Unravelling the role of light in the photo-assisted reduction of CO2 to CH4 using transition metal catalysts

Abstract

In recent years, there has been an increased interest in utilising light and heat from the sun to produce solar fuels. Photo-assisted conversion of CO2 to CH4 is an effective and straightforward approach to produce solar fuels. The role of light, coupled with heat, for the methanation of carbon dioxide was investigated using different transition metal catalysts.

The synergistic effect of heat and light was probed for the methanation of CO2 using Co, Cu and Ni supported on CeO2 and Al2O3. The role of light was explored using different wavelengths and intensities. Illuminating Co/CeO2 and Ni/CeO2 catalysts with blue light (450-460 nm) improved catalytic activity and selectivity. This improvement was attributed to the direct photoactivation of reaction intermediates on the catalyst surface by photogenerated hot electrons and the presence of intrinsic oxygen vacancies on CeO2. The absence of considerable light enhancement for Co/Al2O3 validated the importance of surface oxygen vacancies in accessing light enhancement.

Based on the findings from the Co-based catalysis study, a detailed understanding of the reaction system was then developed by probing the role of surface basicity under light for CO2 methanation. The modification of commercial TiO2 with different loadings of La was investigated for a Co/La-TiO2-based catalyst. It was shown that homogeneously dispersing lanthanum on the surface of the TiO2 support boosted the catalytic performance of Co deposits under both non-illuminated (dark) and illuminated conditions. It was revealed that La promotion increased the surface basicity which facilitated CO2 adsorption and activation and allowed access to light enhancement.

Subsequently, to gain further insights into the support properties which enable light enhancement during CO2 methanation, a Co/Al2O3 catalyst was modified with La and Pd via a double flame spray pyrolysis synthesis approach.
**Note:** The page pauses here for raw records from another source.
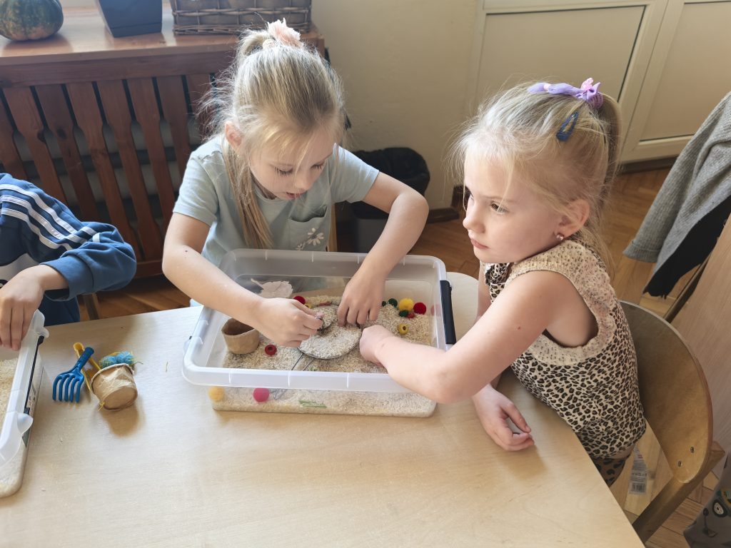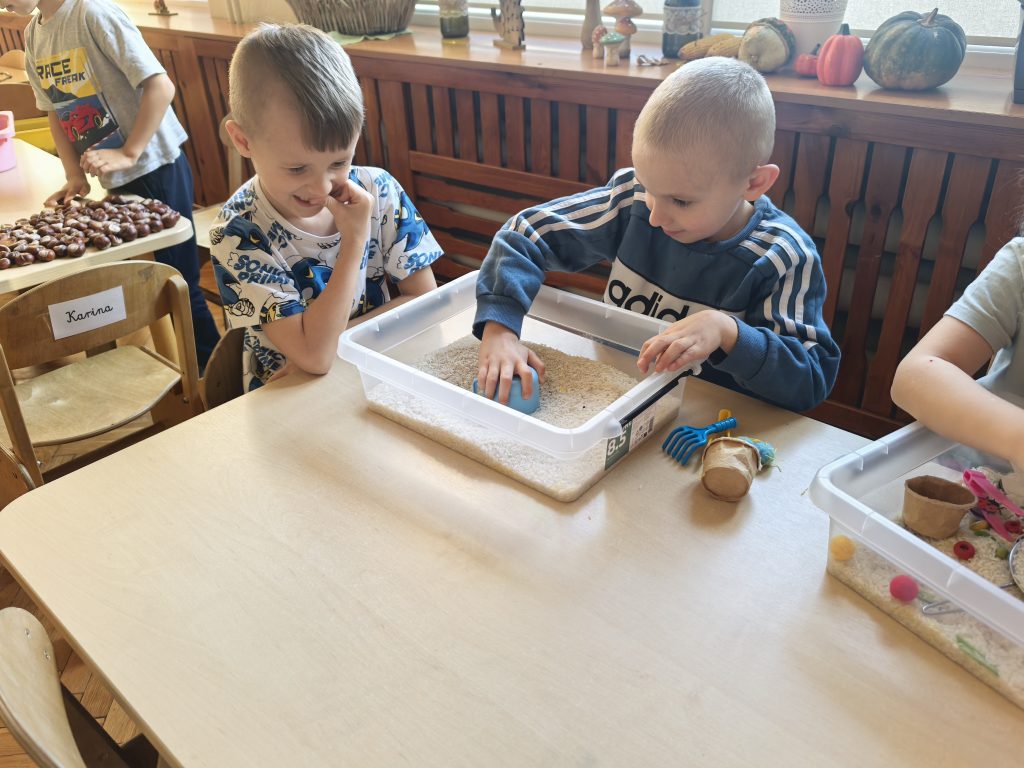 Przez całą jesień dzieci miały do dyspozycji jesienne boxy sensoryczne. Podczas zabawy dzieci przesypywały, przenosiły materiały łyżeczkami i szczypcami, przesiewały przez sitka, ćwicząc motorykę małą. Ponadto: sortowały, poznawały różne faktury, tworzyły własne kompozycje i prowadziły swobodną zabawę badawczą, rozwijając ciekawość i kreatywność.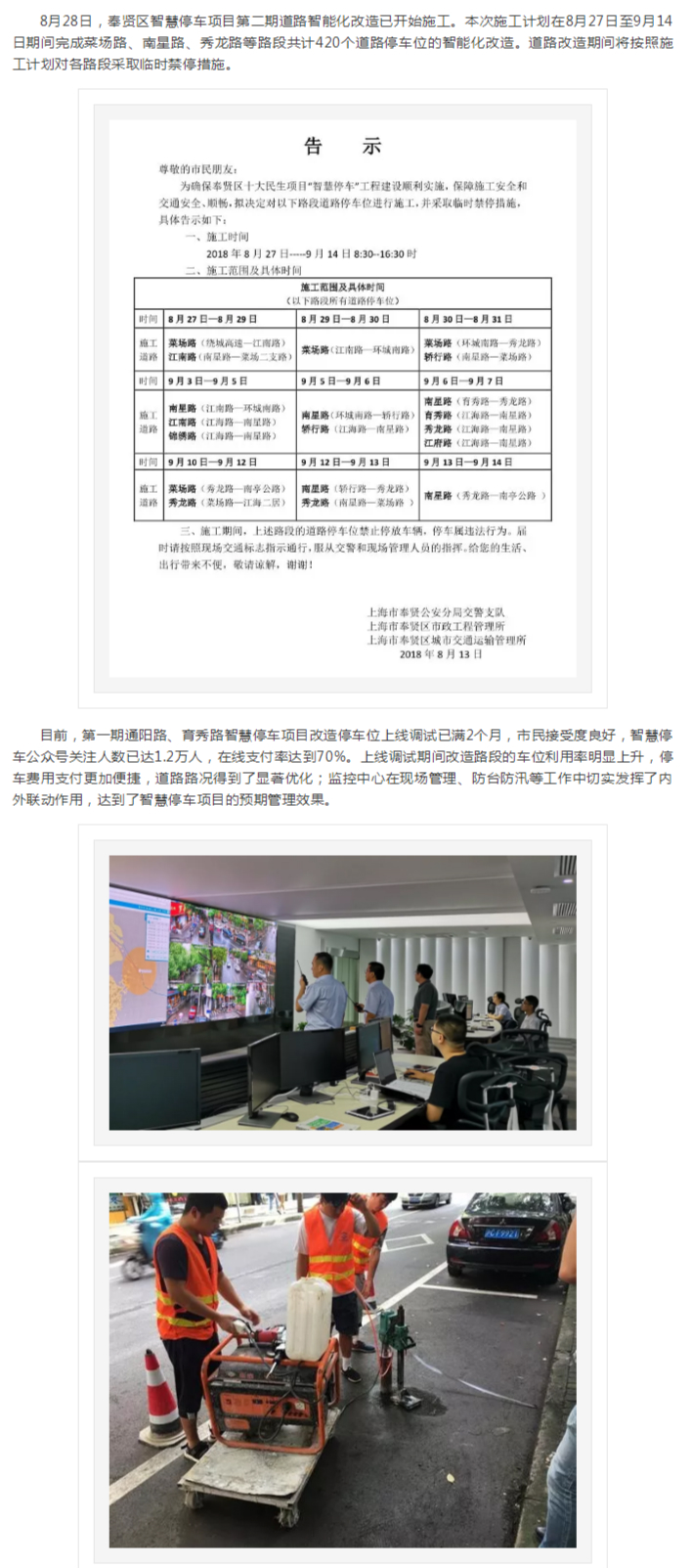 奉贤区智慧停车项目第二期道路智能化改造如期实施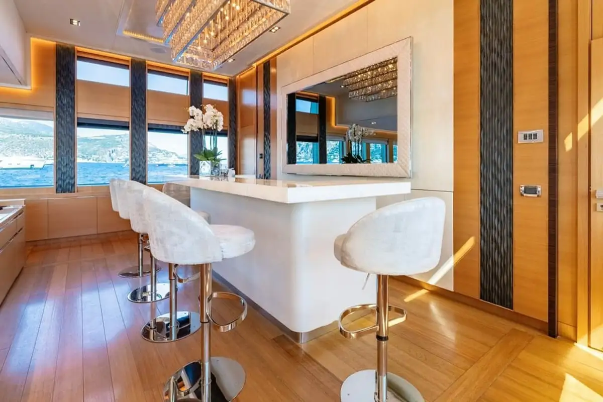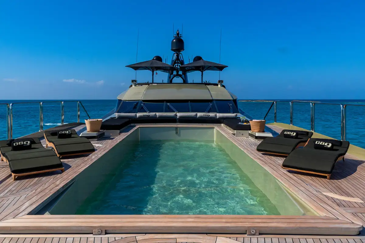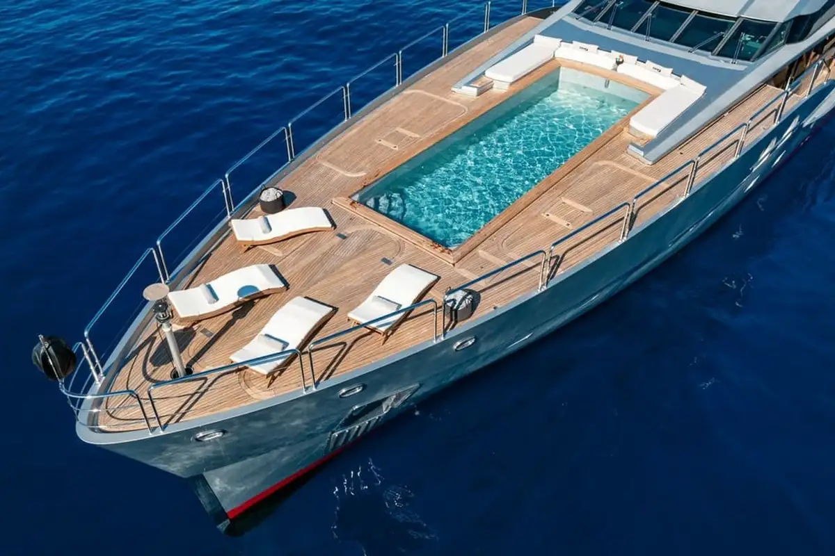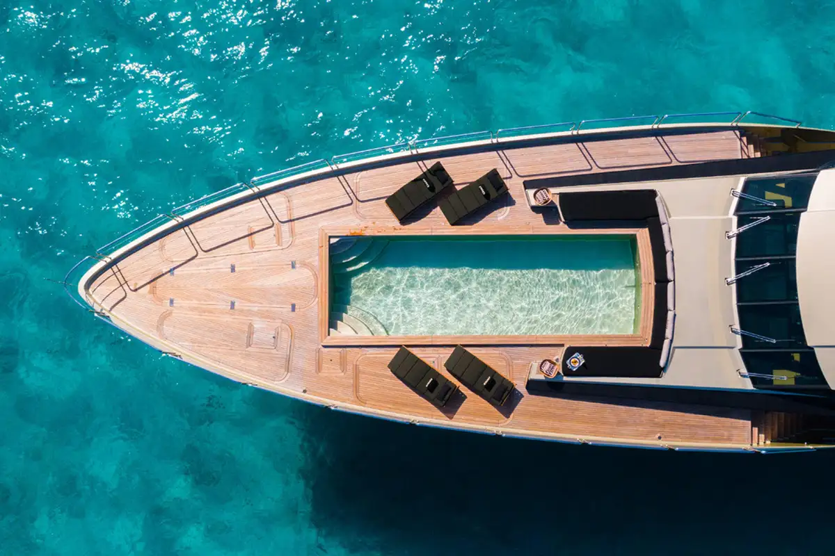 There's lounge seating next to the sun pad where you can enjoy an aperitif as the music plays while you wait for the talented chef's sumptuous gourmet experience at the open-air dining table just a few steps away. Serious swimmers will step out on the walkaround sidedecks to head for the foredeck where an inviting 8m (26ft) pool surrounded by sunloungers lays glinting under the sun.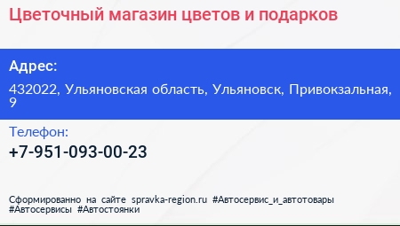 Цветочный, магазин цветов и подарков по адресу 432022, Ульяновская область, Ульяновск, Привокзальная, 9 в дальнейшем Организация, размещена в следующих категориях: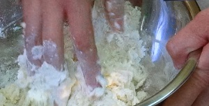2.ぬるま湯を徐々に入れて生地をこねていく。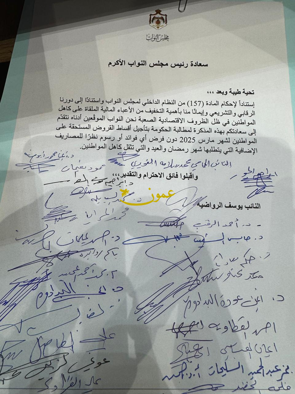 عمون - تبنى النائب يوسف الرواضية، مذكرة نيابية، قدمها إلى رئيس المجلس لمطالبة الحكومة بتأجيل اقساط القروض عن شهر آذار الحالي. |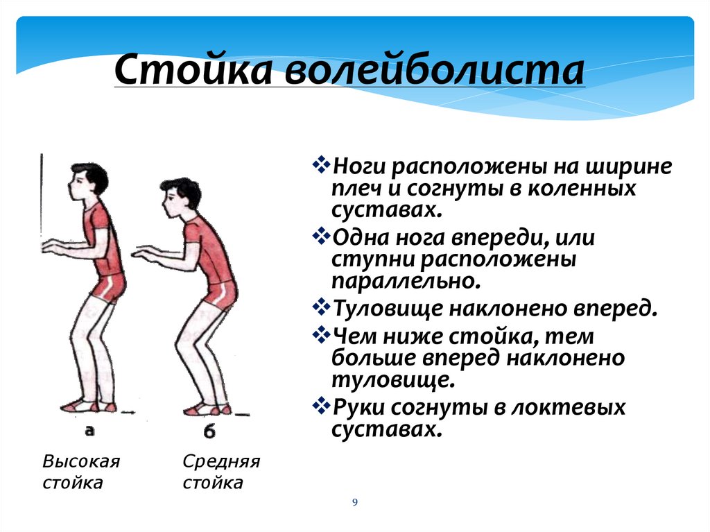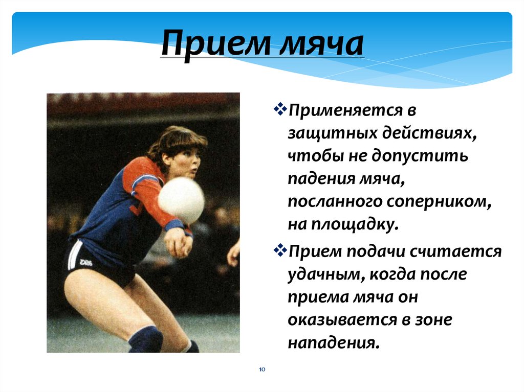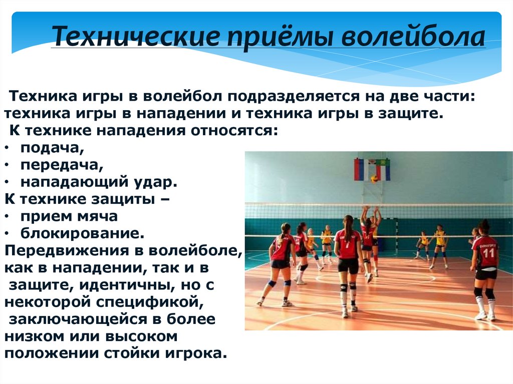 Технические приёмы волейболаТехника игры в волейбол подразделяется на две части: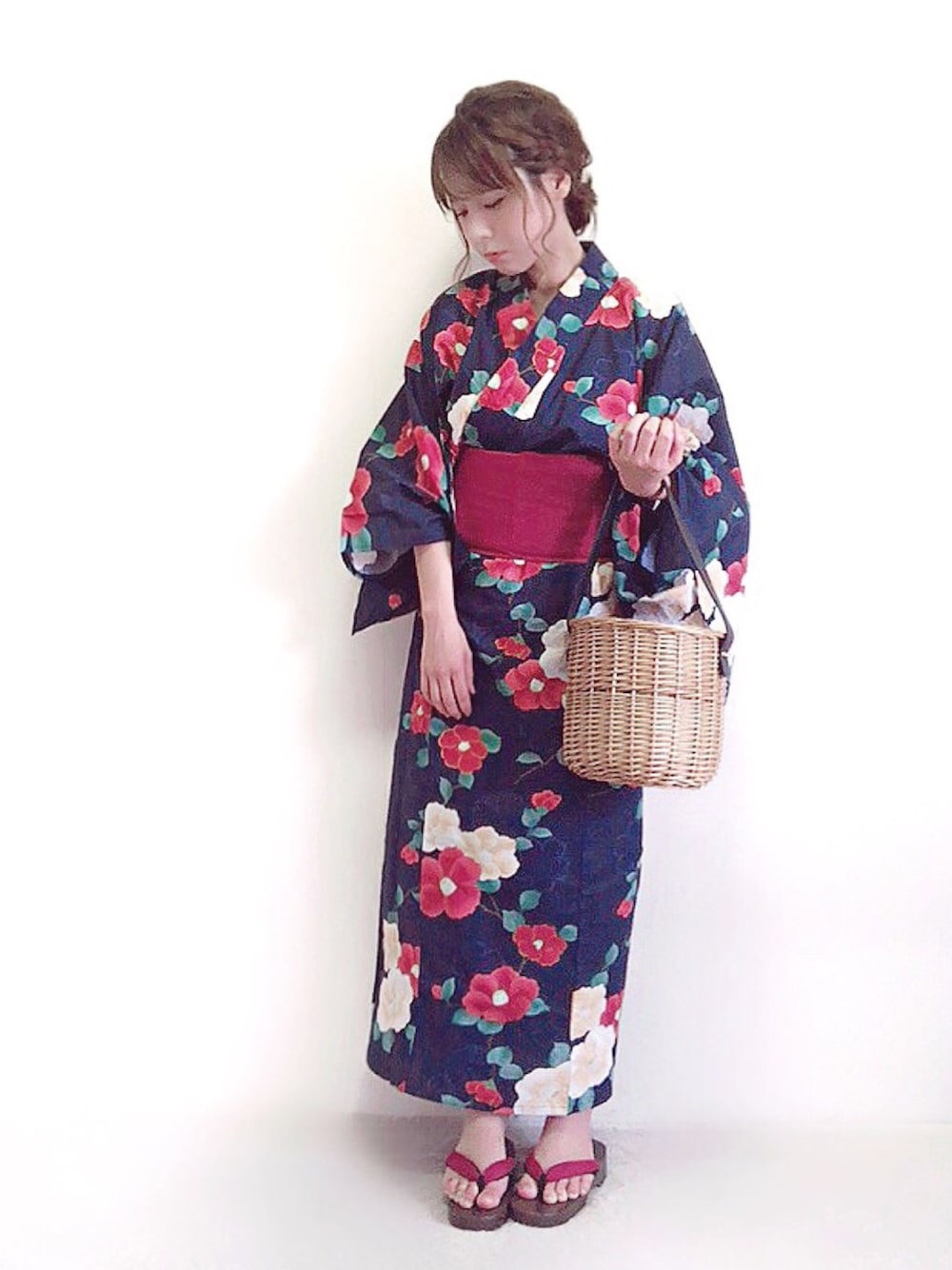yumi.の浴衣「3点セットツバキ浴衣」を使ったコーディネート
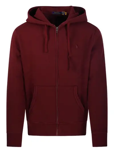 rich ruby hooded zip fastening front pouch pockets Polo Pony embroidery long sleeves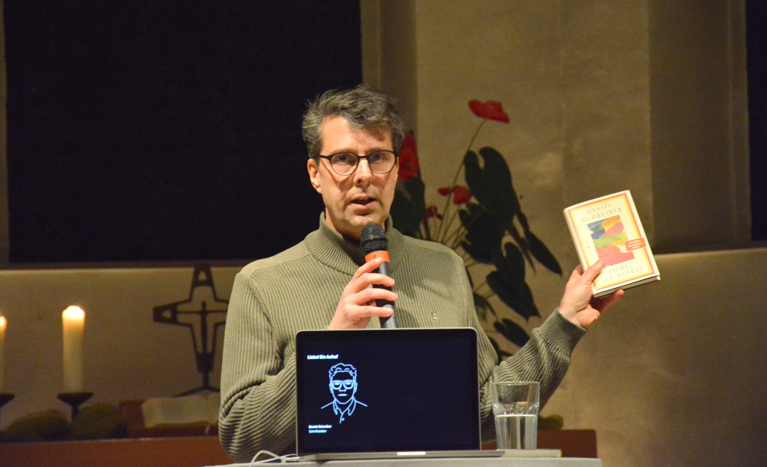 Am 6. Februar hielt er auf Einladung des Fördervereins der Ev. Gemeinde Oberrahmede einen Vortrag zum Thema „Hoffnung bei Nacht – Kunst, Freiheit und gesellschaftlicher Mut“. Der Abend in der Kirche kreiste reich bebildert um die Frage, wie Hoffnung, Freiheit und Mut in Zeiten gesellschaftlicher Krisen lebendig bleiben können. Ausgangspunkt war das Bild der „Nacht“ – als Metapher für persönliche, politische und globale Dunkelheiten wie Angst, Gewalt, Klimakrise, Ausgrenzung und Bedrohung demokratischer Werte.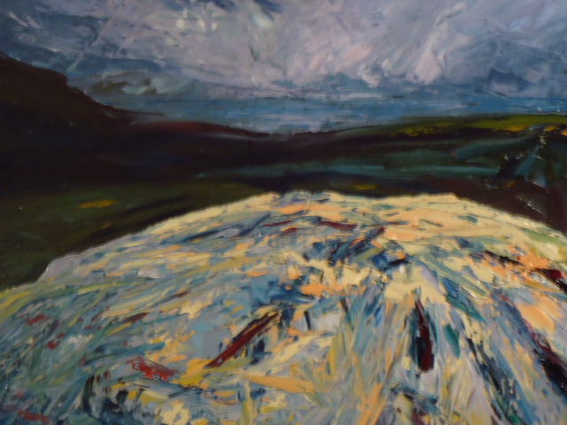 In this painting, the artist takes our eyes on a journey across the hills of Salrock in Connemara, where huge monoliths are revealed like the very the bones of the landscape. Painted in heavy impasto, the beautiful colours of the lichens and minerals in the rocks’ seams are revealed. The vigorous palette knife rendering of lines and grooves in the stone illustrate the artist’s appreciation of the secret geological dynamism of this land.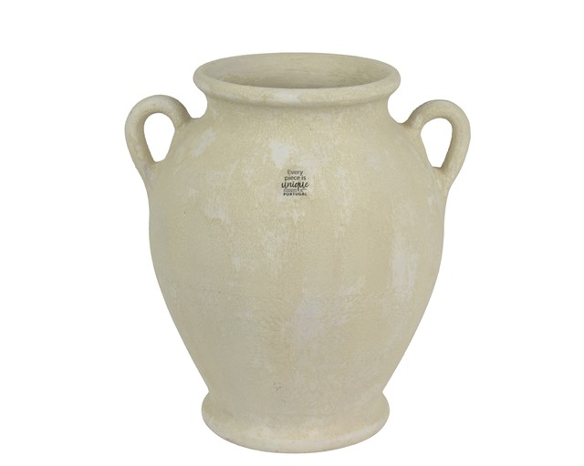 Anfora crema a due manici Ø25cm, altezza 30cm. Contenitore in terracotta ideale per decorazioni floreali e centrotavola naturali.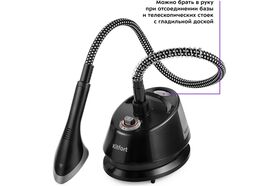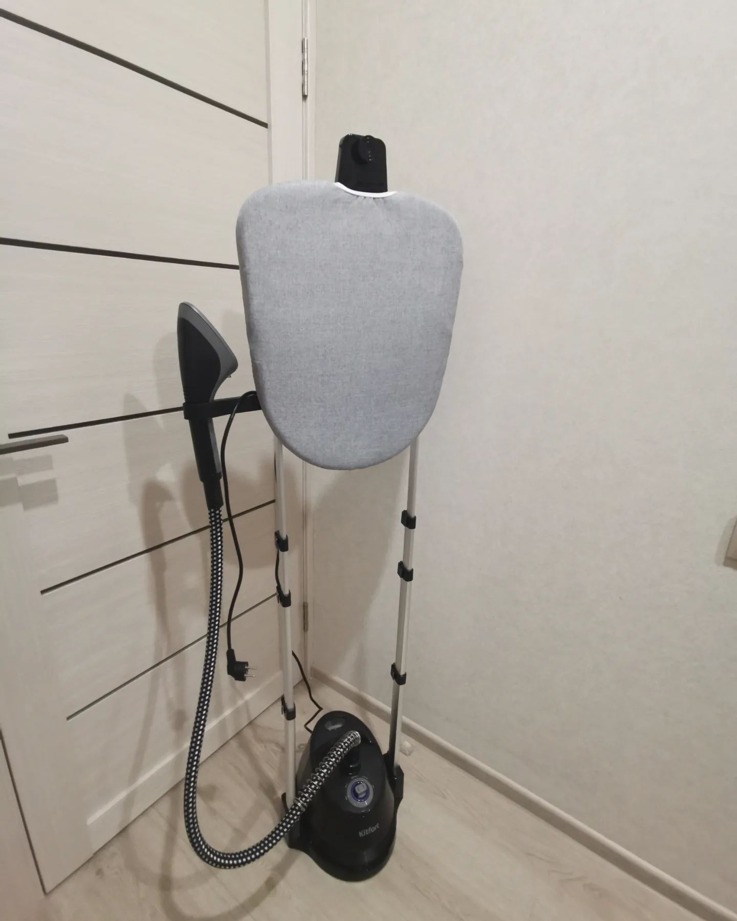 Отпариватель оснащён гладильной доской, которая может быть расположена горизонтально, вертикально и под наклоном. Она значительно облегчает и ускоряет процесс отпаривания. Также на ней располагается крючок, на который можно вешать вешалку с одеждой.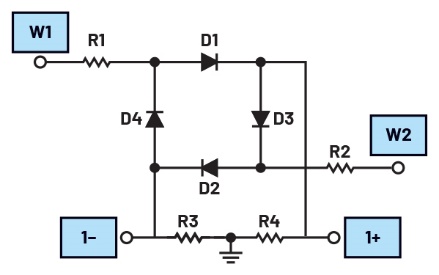 環(huán)形調(diào)制器中二極管的方向不得與二極管橋式整流器的方向混淆。它們可能呈現(xiàn)類似的環(huán)形,但環(huán)形調(diào)制器的所有二極管都朝順時針或逆時針方向,而橋式整流器的二極管則朝左或右。

La addition to the Al2O3 support played a crucial role, introducing actives site for CO2 adsorption and its potential transformation into an intermediate product which is more responsive under visible light illumination. In accompaniment to its plasmonic behavior, Pd metal addition to the Co/La-Al2O3 system facilitated H2 activation and provided further enhancement to the activity and CH4 yield.

Overall, the research has demonstrated that through the rational design of transition metals loaded on a suitably active support the benefits of visible light illumination can be harnessed and can reduce the activation energy for thermal catalytic reactions.